+++ SOURCE RECORDS
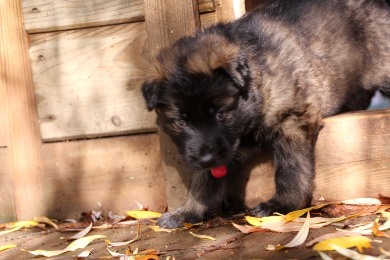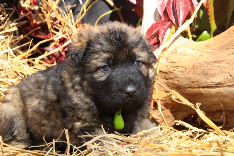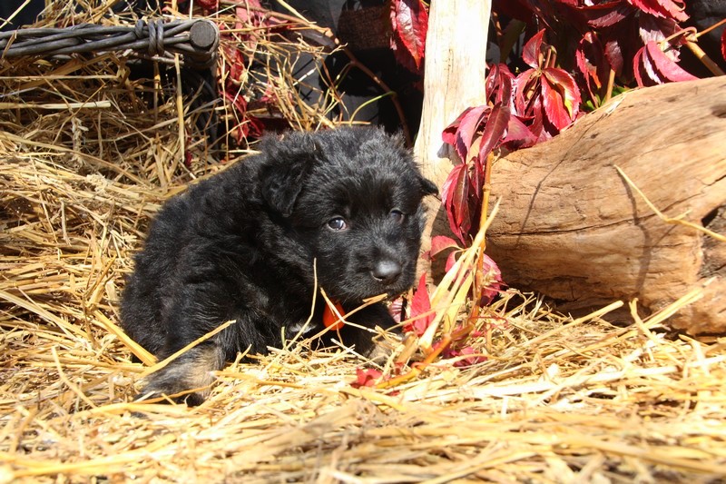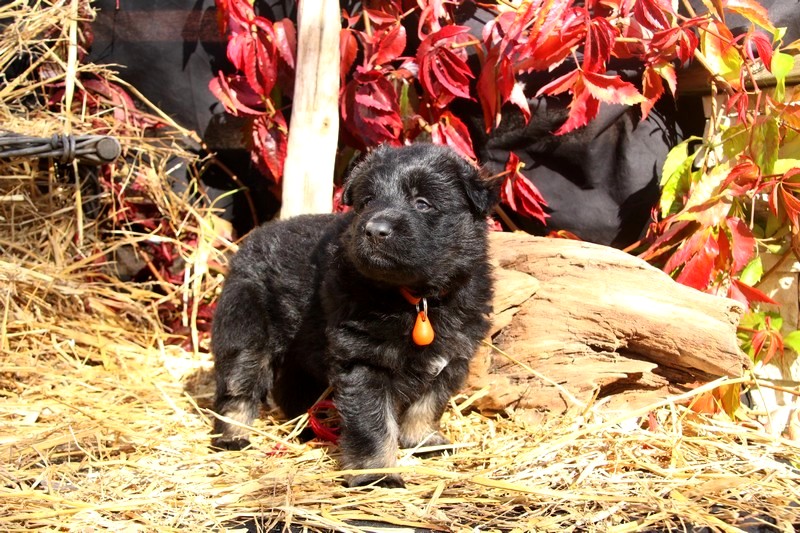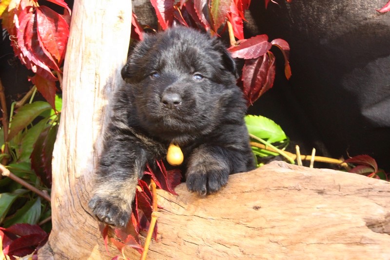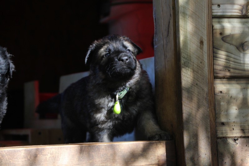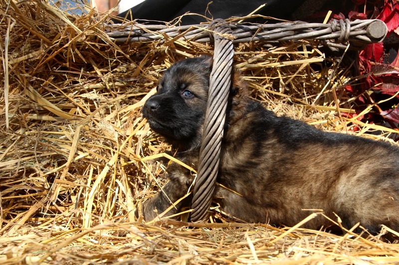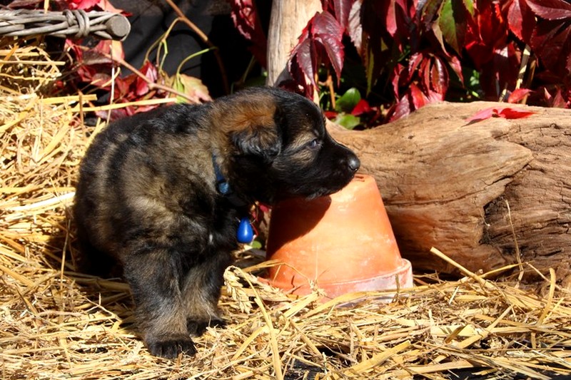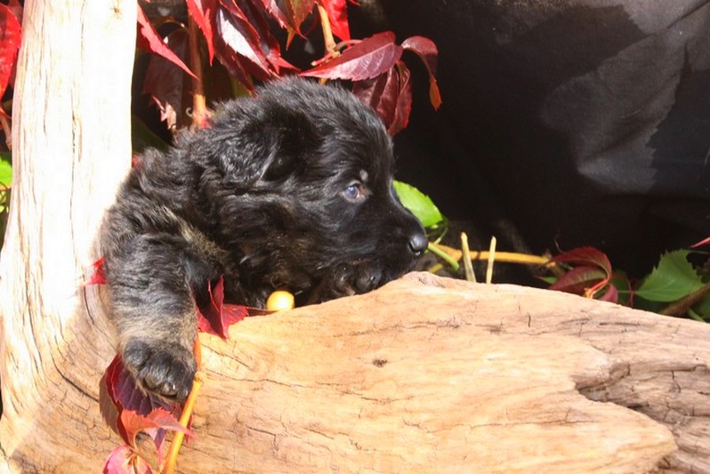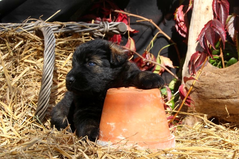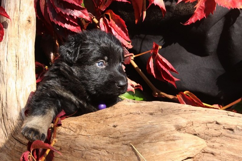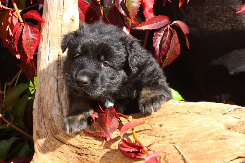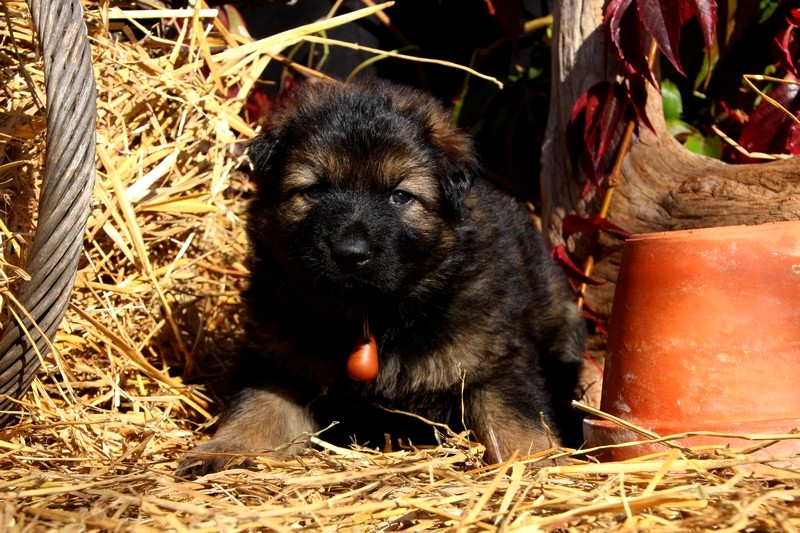 Notre première sortie s’est faite jeudi, dans le parc à chiots, sous un soleil automnale. Il semblerait que c’est là où nous allons apprendre à devenir autonomes et couper le cordon ombilical dans les futures semaines, cela ne nous inquiète pas trop, dès lors ou nous avons plus d’un cordon dans notre pelote… Hé oui ! tata Ice veut bien partager son lait avec nous et maman, elle donne aussi à manger à nos cousins. Si on rajoute à cela le restant de la meute qui nous materne, il va y avoir de quoi s’emmêler les cordons…
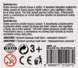Kazoo zazveni že ob navadnem brenčanju. Idealno za hitro zabavo in prve glasbene poskuse otrok.
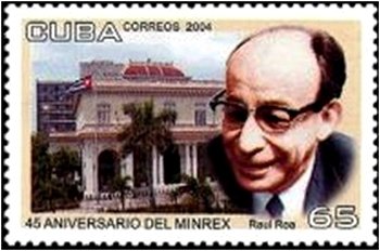 Visibility: public Image owner: none postage 12/23/2004 65c multi issue=45th Anniversary of the Ministry of Foreign Affairs d=Ministry Building and Raul Roa unwmk perf=12.75x12.5 Crops No visible images cropped from this one. Measurements Resolution is unknown. Source Source name: Colnect File URL: http://i.colnect.net/b/2500/144/Ministry-of-Foreign-Affairs.jpg Uploaded September 15, 2015, 4:33 pm by Stan Shebs |
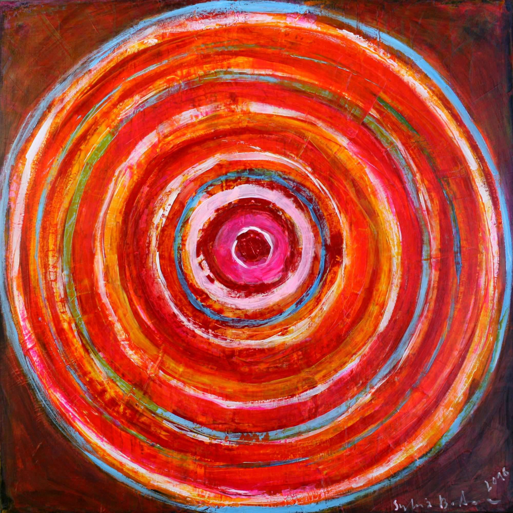 Ten obraz to eksplozja koloru. Koncentryczne kręgi w różnych odcieniach czerwieni, pomarańczu i różu tworzą wrażenie ruchu, jak gdyby obraz mógł się kręcić, gdy na niego patrzymy. Centralne okręgi przyciągają wzrok, jakby były źródłem energii. Trudno oderwać oczy! Nastrój dzieła jest dynamiczny. Intensywność kolorów sprawia, że widz czuje się ożywiony, niemal jak po solidnej dawce kawy. Można wręcz poczuć, jak obraz wibruje, tętni życiem. Takie "synergy" kolorów i kształtów przenosi odbiorcę w świat emocji i wewnętrznego zgiełku. Technika przypomina nieco abstrakcję ekspresjonistyczną. Artysta bawi się barwami i fakturą, tworząc efekt, który jest zarazem dziki i precyzyjny. Grube pociągnięcia pędzla tworzą teksturę, która dodaje trójwymiarowości. Mój kot mógłby to namalować - pomyśli ktoś z humorem. Można poczuć radość, ale i niepokój. Ten obraz mówi o chaosie życia i o jego nieskończonej energii. Wywołuje refleksję, zadaje pytania o to, co jest najważniejsze. Może chodzi o tę magię chwili. Sam nie wiem, ale chciałbym go mieć na ścianie.
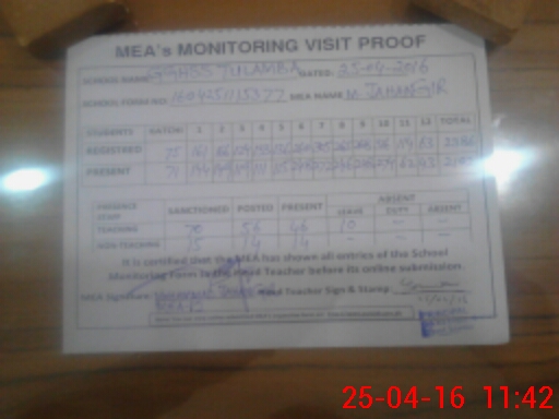 | Certified that this School was Inspected by the Undersigned MEA/DMO Today and the Information Stated Above is as Per Record. | |||||
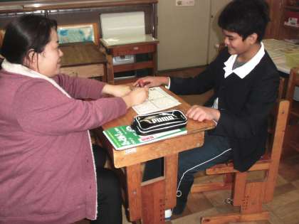 めぐみ教室では、外国籍児童担当教諭が漢字の読みの学習をしていました。
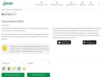 Internetseite www.awsas.de: Auch mit der Nutzung der Tourenpläne auf www.awsas.de erhalten Sie die Entsorgungsdaten schnell und individuell. Folgen Sie hierfür einfach dem Schnellzugriff „Tourenplan“ und wählen Sie zwischen verschiedenen Ausgabemöglichkeiten: Ein kompakte Seite im pdf-Format mit allen Jahresterminen - perfekt zum Aushängen im Hausflur oder an die eigene Pinnwand. Oder Sie laden die Entsorgungstermine als Kalenderdatei (ics-Datei) in den eigenen digitalen Kalender.
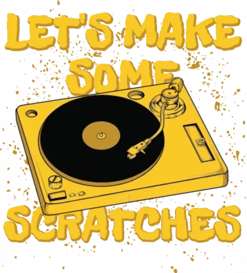 A yellow turntable with the words 'Let's make some scratches' in yellow, set against a black background.
++++++
Copy out the lines above unchanged. Skip the images.

 Notre première sortie s’est faite jeudi, dans le parc à chiots, sous un soleil automnale. Il semblerait que c’est là où nous allons apprendre à devenir autonomes et couper le cordon ombilical dans les futures semaines, cela ne nous inquiète pas trop, dès lors ou nous avons plus d’un cordon dans notre pelote… Hé oui ! tata Ice veut bien partager son lait avec nous et maman, elle donne aussi à manger à nos cousins. Si on rajoute à cela le restant de la meute qui nous materne, il va y avoir de quoi s’emmêler les cordons…
Kazoo zazveni že ob navadnem brenčanju. Idealno za hitro zabavo in prve glasbene poskuse otrok.
 Visibility: public Image owner: none postage 12/23/2004 65c multi issue=45th Anniversary of the Ministry of Foreign Affairs d=Ministry Building and Raul Roa unwmk perf=12.75x12.5 Crops No visible images cropped from this one. Measurements Resolution is unknown. Source Source name: Colnect File URL: http://i.colnect.net/b/2500/144/Ministry-of-Foreign-Affairs.jpg Uploaded September 15, 2015, 4:33 pm by Stan Shebs |
 Ten obraz to eksplozja koloru. Koncentryczne kręgi w różnych odcieniach czerwieni, pomarańczu i różu tworzą wrażenie ruchu, jak gdyby obraz mógł się kręcić, gdy na niego patrzymy. Centralne okręgi przyciągają wzrok, jakby były źródłem energii. Trudno oderwać oczy! Nastrój dzieła jest dynamiczny. Intensywność kolorów sprawia, że widz czuje się ożywiony, niemal jak po solidnej dawce kawy. Można wręcz poczuć, jak obraz wibruje, tętni życiem. Takie "synergy" kolorów i kształtów przenosi odbiorcę w świat emocji i wewnętrznego zgiełku. Technika przypomina nieco abstrakcję ekspresjonistyczną. Artysta bawi się barwami i fakturą, tworząc efekt, który jest zarazem dziki i precyzyjny. Grube pociągnięcia pędzla tworzą teksturę, która dodaje trójwymiarowości. Mój kot mógłby to namalować - pomyśli ktoś z humorem. Można poczuć radość, ale i niepokój. Ten obraz mówi o chaosie życia i o jego nieskończonej energii. Wywołuje refleksję, zadaje pytania o to, co jest najważniejsze. Może chodzi o tę magię chwili. Sam nie wiem, ale chciałbym go mieć na ścianie.
 | Certified that this School was Inspected by the Undersigned MEA/DMO Today and the Information Stated Above is as Per Record. | |||||
 めぐみ教室では、外国籍児童担当教諭が漢字の読みの学習をしていました。
 Internetseite www.awsas.de: Auch mit der Nutzung der Tourenpläne auf www.awsas.de erhalten Sie die Entsorgungsdaten schnell und individuell. Folgen Sie hierfür einfach dem Schnellzugriff „Tourenplan“ und wählen Sie zwischen verschiedenen Ausgabemöglichkeiten: Ein kompakte Seite im pdf-Format mit allen Jahresterminen - perfekt zum Aushängen im Hausflur oder an die eigene Pinnwand. Oder Sie laden die Entsorgungstermine als Kalenderdatei (ics-Datei) in den eigenen digitalen Kalender.
 A yellow turntable with the words 'Let's make some scratches' in yellow, set against a black background.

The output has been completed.